Today, in 2025, platform engineering is a mature and recognized discipline. Conferences like PlatformCon bring together thousands of attendees. Companies of all sizes actively invest in platform teams.
However, adopting platform engineering requires significant upfront investment and organizational buy-in. There’s a risk of over-engineering a platform that developers won’t adopt if it doesn’t truly address their needs. The reality is heterogeneous. While some tech companies already have sophisticated platforms, many traditional organizations still operate with classic sysadmin models or are in the middle of their DevOps transformation. There’s no single “industry state.” The fit of each model depends on the context, culture, and specific needs of each organization. Therefore, the need for this book. I hope that by the end of it, the reader will be in the right track to build or evolve their own platform.
For comprehensive guides on platform engineering, team organization, and practical implementation, see [Fournier, 2023][Skelton, 2019][Salatino, 2023] in Appendix A.
Summary
In this chapter we’ve traced the historical evolution from classic sysadmins, through SRE and DevOps, to reach Platform Engineering.
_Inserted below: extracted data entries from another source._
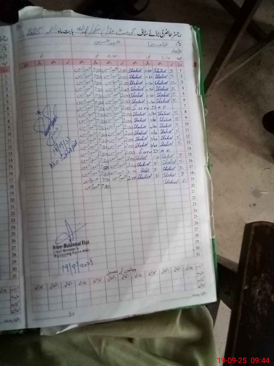 | Name: Ta**** sh**** Designation: (School Headmaster's/Headmistress's) ES.T.(Science) Phone/Cell Number: 03**** |
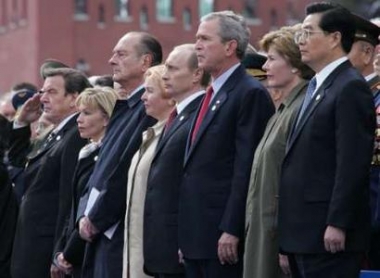 5月9日,中國國家主席胡錦濤與各國元首出席在俄羅斯莫斯科舉行的紀念衛國戰爭勝利60周年慶典。(路透圖)
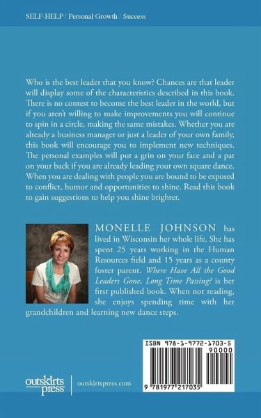 Are you one of the good leaders? You will find value in this book whether you are the leader of your family, a community club or a giant corporation. Ms. Johnson shares delightful personal foster care parenting events in conjunction with over 25 years of human resources experiences in this self-help leadership support book. No one is born a good leader. Good leadership traits are learned through a positive willingness to make improvements. If one does not learn the qualities of a good leader than the poor leadership characteristics will be repeated. Not only will this book provide valuable recruiting and retention strategies but it will also encourage you to become a future square dance caller.
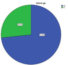 | Inform patient’s GP | 44/60 (73%) | 7/13 (54%) | 37/47 (79%) | 0.09 |
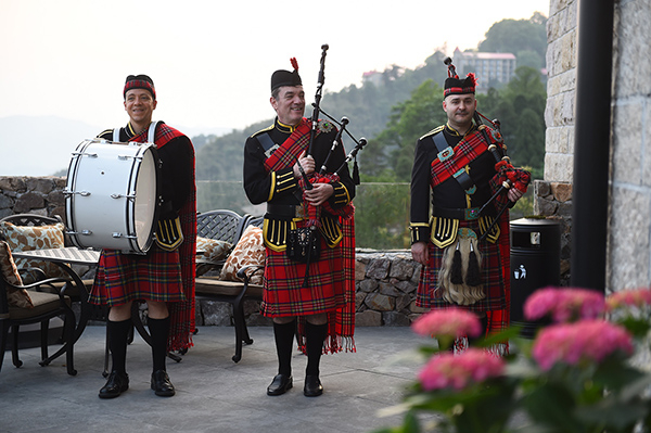 裸心堡开张时,身穿苏格兰服装的外国人在演奏音乐
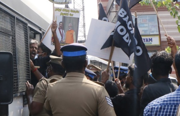 கோவையில் பிரதமர் வருகைக்கு எதிர்ப்பு தெரிவித்து கருப்புகொடி காட்டி, போராட்டத்தில் ஈடுபட்ட தந்தை பெரியார் திராவிடர் கழகத்தினரை போலீசார் கைதுசெய்தனர்.
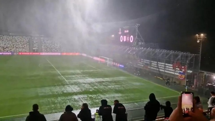 直播吧10月24日讯太阳报消息,在昨晚的一场欧协联比赛中,克罗地亚球队里耶卡主场迎战捷克球队布拉格斯巴达,但比赛仅进行了12分钟就因为暴雨和场所严重积水问题,不得不中断。
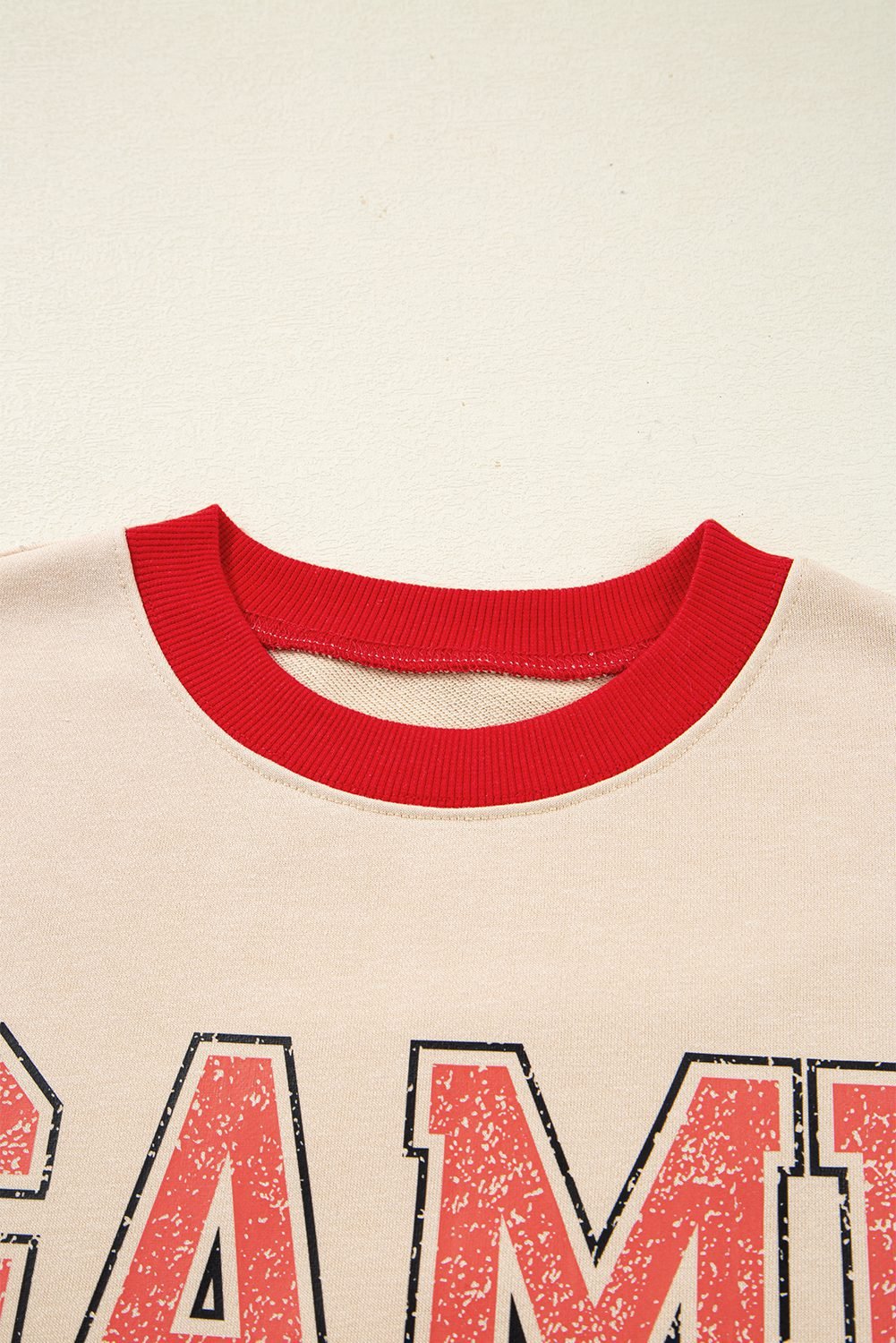 Oatmeal Game Day Letter Graphic Varsity Striped Detail Baggy Sweatshirt

Each stage has emerged as a response to the limitations and challenges of the previous one, adapting to new technological and organizational realities. Virtualization and the explosion of the public cloud have been catalysts in this evolution. They’ve introduced new ways to provision and manage infrastructure, but have also brought new challenges.
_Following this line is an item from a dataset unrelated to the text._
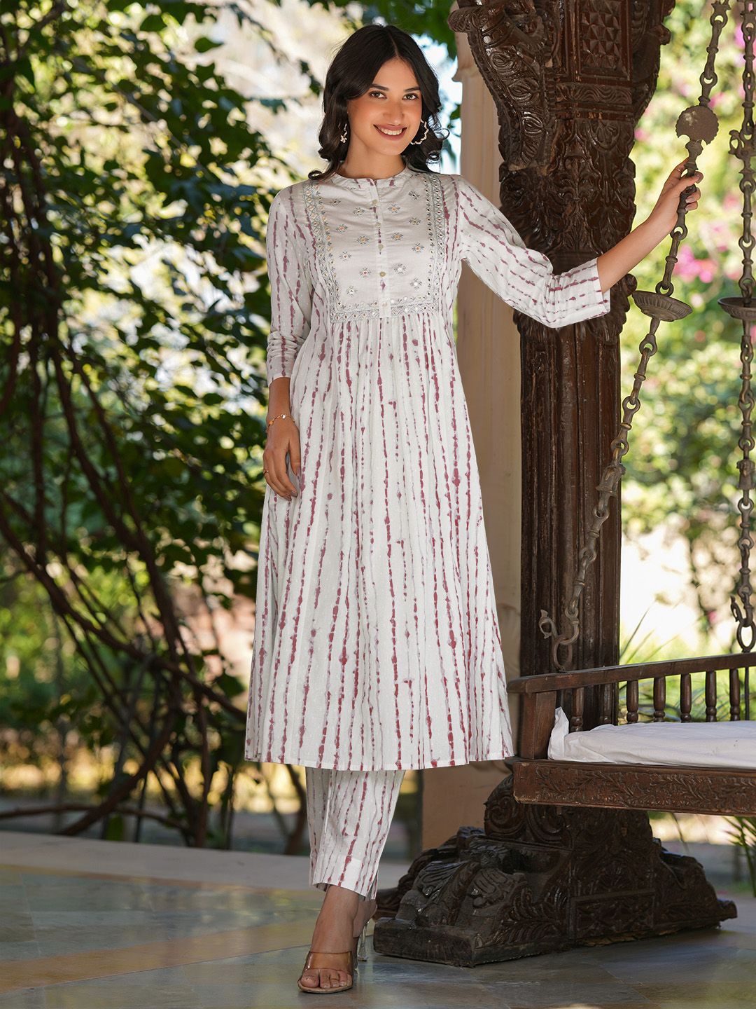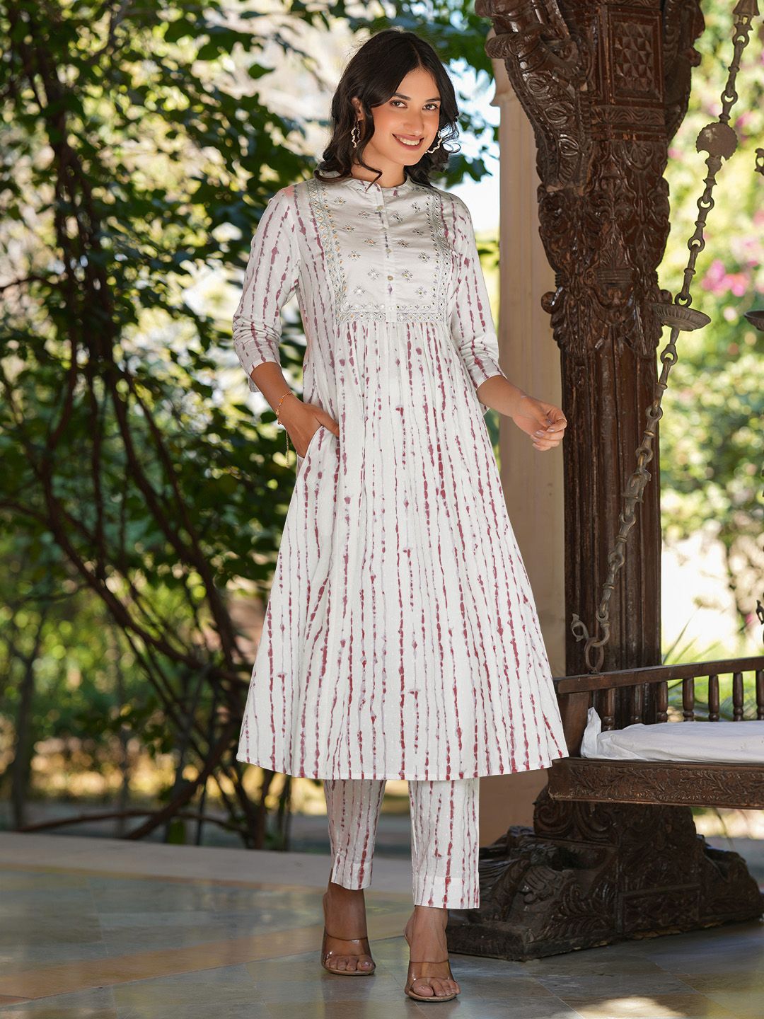 Buy this stylish Janasya Women White Pure Cotton Tie & Dye With Mirror Work A-line Kurta Pant Set at Marincart Nepal. This product offers great quality and value. Perfect for those looking for the latest trends in fashion. Get yours now at unbeatable prices.

This historical positioning helps us understand the fit of Platform Engineering in the current landscape. The future remains uncertain, particularly with the rapid evolution of generative artificial intelligence promising to reshape how we build and operate systems. Emerging concepts like vibe coding –where AI interprets high-level intent to generate infrastructure and code—are still speculative and unproven at scale. Whether these become mainstream or give way to other abstractions remains to be seen. What’s clear is that system complexity won’t decrease, but rather the opposite. We’re headed for increased complexity with more layers of abstraction.